🤖 AI Summary
Existing 3D scene generation methods struggle to model logical dependencies and physical constraints among objects, resulting in scenes with limited dynamic adaptability and realism. To address this, we propose CausalStruct—the first framework to integrate causal reasoning into 3D scene generation. It leverages large language models to construct object-level causal graphs that explicitly encode semantic dependencies and spatial constraints; combines causal intervention with a PID controller for controllable layout optimization; and employs 3D Gaussian Splatting coupled with Score Distillation Sampling for high-fidelity rendering. Experiments demonstrate that CausalStruct significantly outperforms state-of-the-art methods in logical consistency, physical plausibility, and controllability under text- or image-based guidance.
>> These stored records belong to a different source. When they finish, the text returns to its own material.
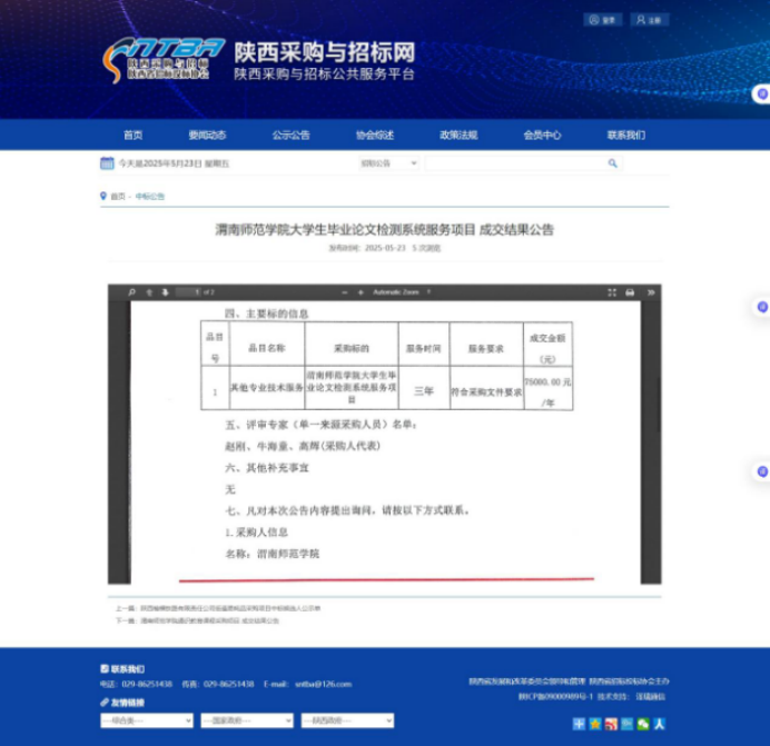 伟德国际1949官网大学生毕业论文检测系统服务项目成交结果公告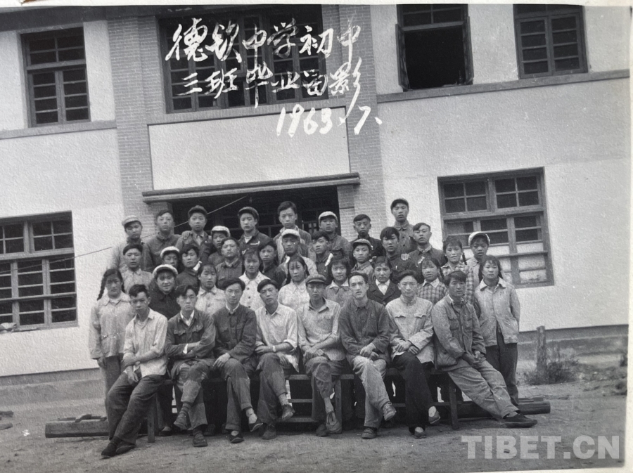 圖為1963年,訪談對象牛宿光(前排左二)與德欽中學初中三班畢業(yè)合影 供圖:李志農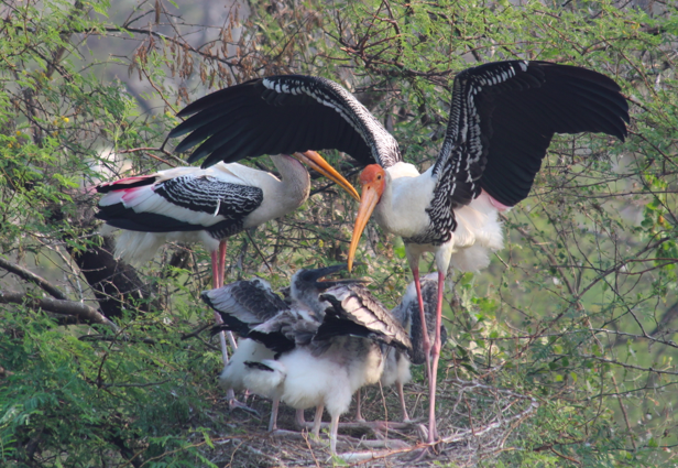 Chicks are exceptionally noisy, and we heard them before we saw them. They use loud, hoarse calls to let their folks know they are plenty hungry. Mum and dad gather fish (a painted stork’s favourite food), which they later regurgitate for the chicks. Parents are obviously quite protective of their young. We saw them standing with wings outstretched to shield the little ones from the heat of the day.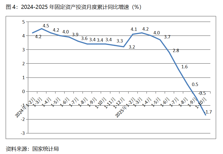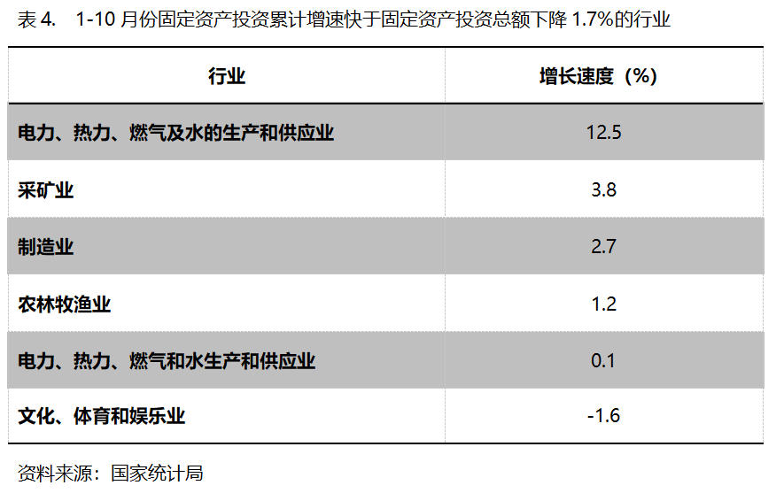 1-10月份,固定資產(chǎn)投資累計(jì)增速快于固定資產(chǎn)投資總額下降1.7%的行業(yè)共6個(gè),即電力、熱力、燃?xì)饧八纳a(chǎn)和供應(yīng)業(yè)增長(zhǎng)12.5%,采礦業(yè)增長(zhǎng)3.8%,制造業(yè)增長(zhǎng)2.7%。農(nóng)林牧漁業(yè)增長(zhǎng)1.2%,交通運(yùn)輸、倉(cāng)儲(chǔ)和郵政業(yè)增長(zhǎng)0.1%,文化、體育和娛樂業(yè)下降1.6%。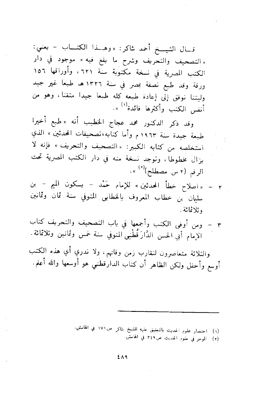 3- ومن أوفى الكتب وأجمعها في باب التصحيف والتحريف كتاب الإمام أبي الحسن الدارقطني المتوفى سنة خمس وثمانين وثلاثمائة.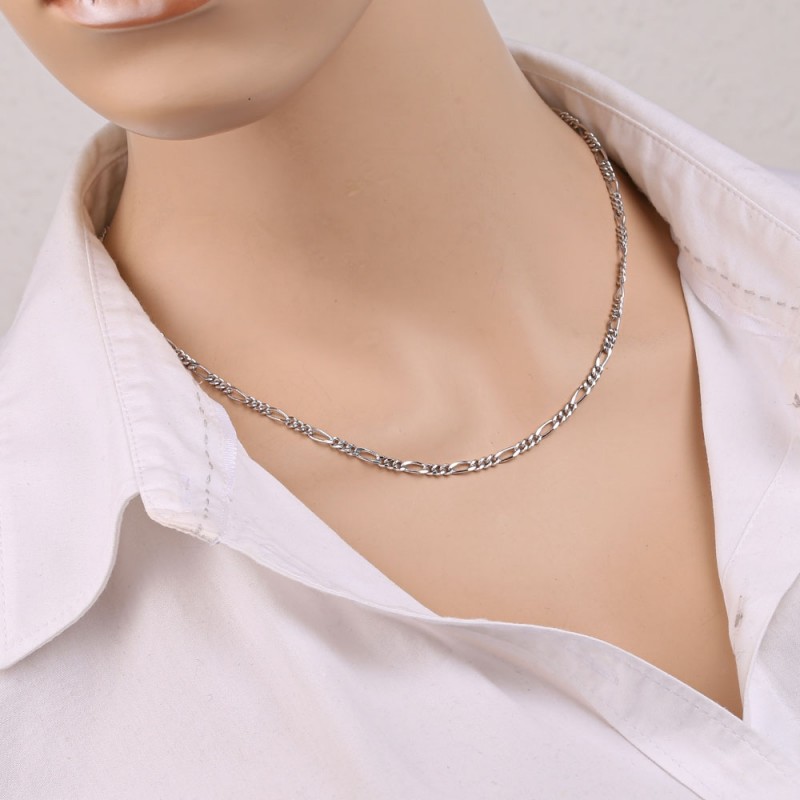 Klassische Kette aus 925º-Silber im Figaro-Geflecht mit Diamantbearbeitung und rhodiniert. „Figaro“ ist eine Kombination aus langen und kurzen Links. Diese Produkte sind für Vertreter jeden Alters und Geschlechts geeignet und sehen sowohl im Alltag als auch beim Ausgehen zu einer Abendveranstaltung großartig aus. Eine mit der Figaro-Webtechnik hergestellte Kette oder ein Armband ist ein tolles Geschenk für jeden Anlass, da diese Art von Produkt immer das Auge erfreut, zu jedem Kleidungsstil passt und niemanden gleichgültig lässt.
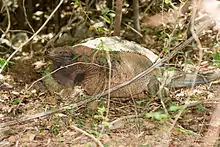 The Anegada ground iguana has also been successfully bred in captivity at the San Diego Zoo and the Fort Worth Zoo.[12] Both zoos have actively been working with the British Virgin Islands on a joint-recovery program started in 1997 on Anegeda Island.[12] 120 iguanas have been raised at the facility for release into the wild.[12] Hatchlings are fed and protected so they can be "headstarted" for the wild and not fall prey to feral dogs and cats.[12] This offsets the juvenile mortality rate and is accompanied by field research, nest site protection, and monitoring of released animals.[12][16]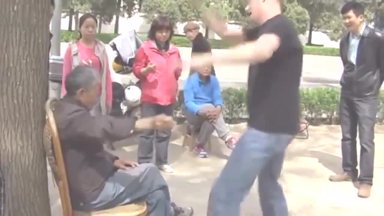 这位老人太极练到如此境界,还没有碰到,老外就被弹飞了
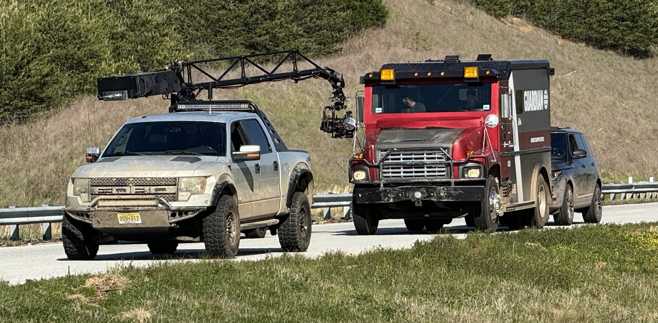 The second-unit team shoots the armored truck on location for The Pickup.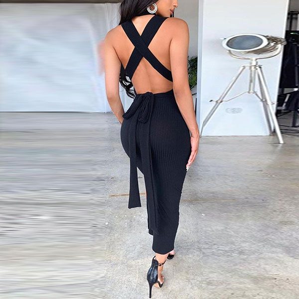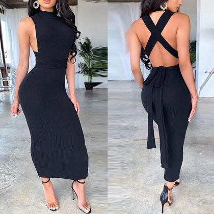 Sexy Backless Sleeveless Solid Color Slim Fit Dress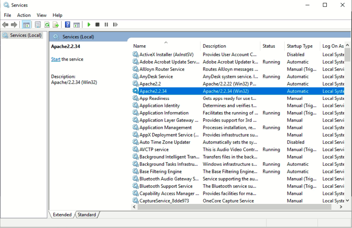 httpd.exe -k install -n "Apache2.2.34"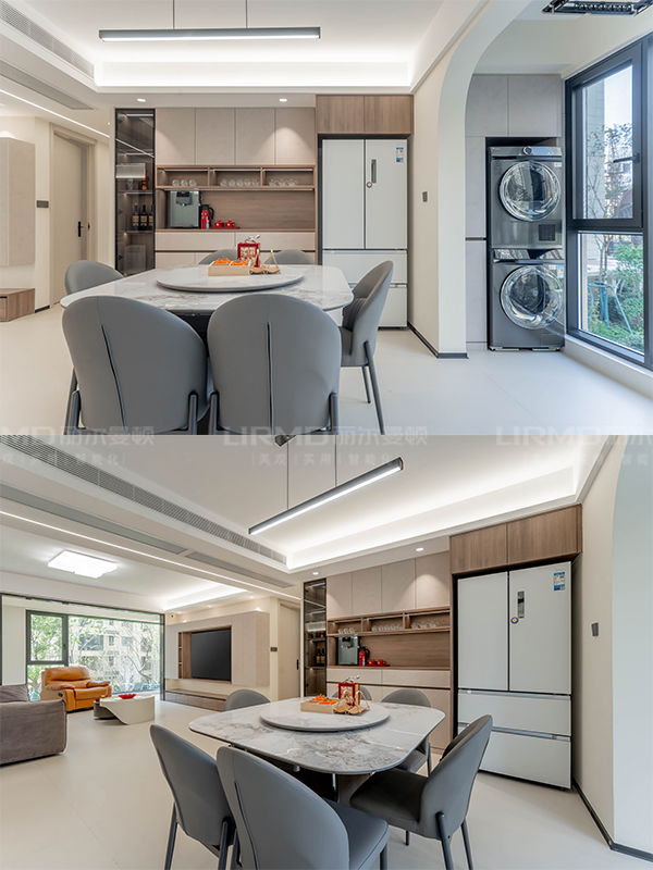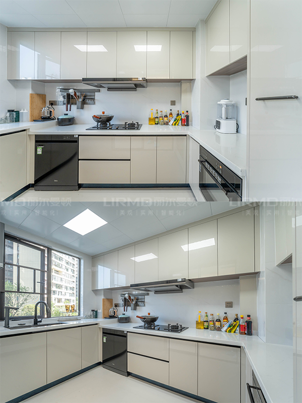 全屋高端定制:柜體板材18厚杉木實(shí)芯板,柜門(mén)有pet膚感、高光、超晶、五金使用原裝進(jìn)口奧地利百隆五金

The framework enables interpretable, editable, and photorealistic 3D scene generation while preserving structural coherence and physical validity.
📝 Abstract
Existing 3D scene generation methods often struggle to model the complex logical dependencies and physical constraints between objects, limiting their ability to adapt to dynamic and realistic environments. We propose CausalStruct, a novel framework that embeds causal reasoning into 3D scene generation. Utilizing large language models (LLMs), We construct causal graphs where nodes represent objects and attributes, while edges encode causal dependencies and physical constraints. CausalStruct iteratively refines the scene layout by enforcing causal order to determine the placement order of objects and applies causal intervention to adjust the spatial configuration according to physics-driven constraints, ensuring consistency with textual descriptions and real-world dynamics. The refined scene causal graph informs subsequent optimization steps, employing a Proportional-Integral-Derivative(PID) controller to iteratively tune object scales and positions. Our method uses text or images to guide object placement and layout in 3D scenes, with 3D Gaussian Splatting and Score Distillation Sampling improving shape accuracy and rendering stability. Extensive experiments show that CausalStruct generates 3D scenes with enhanced logical coherence, realistic spatial interactions, and robust adaptability.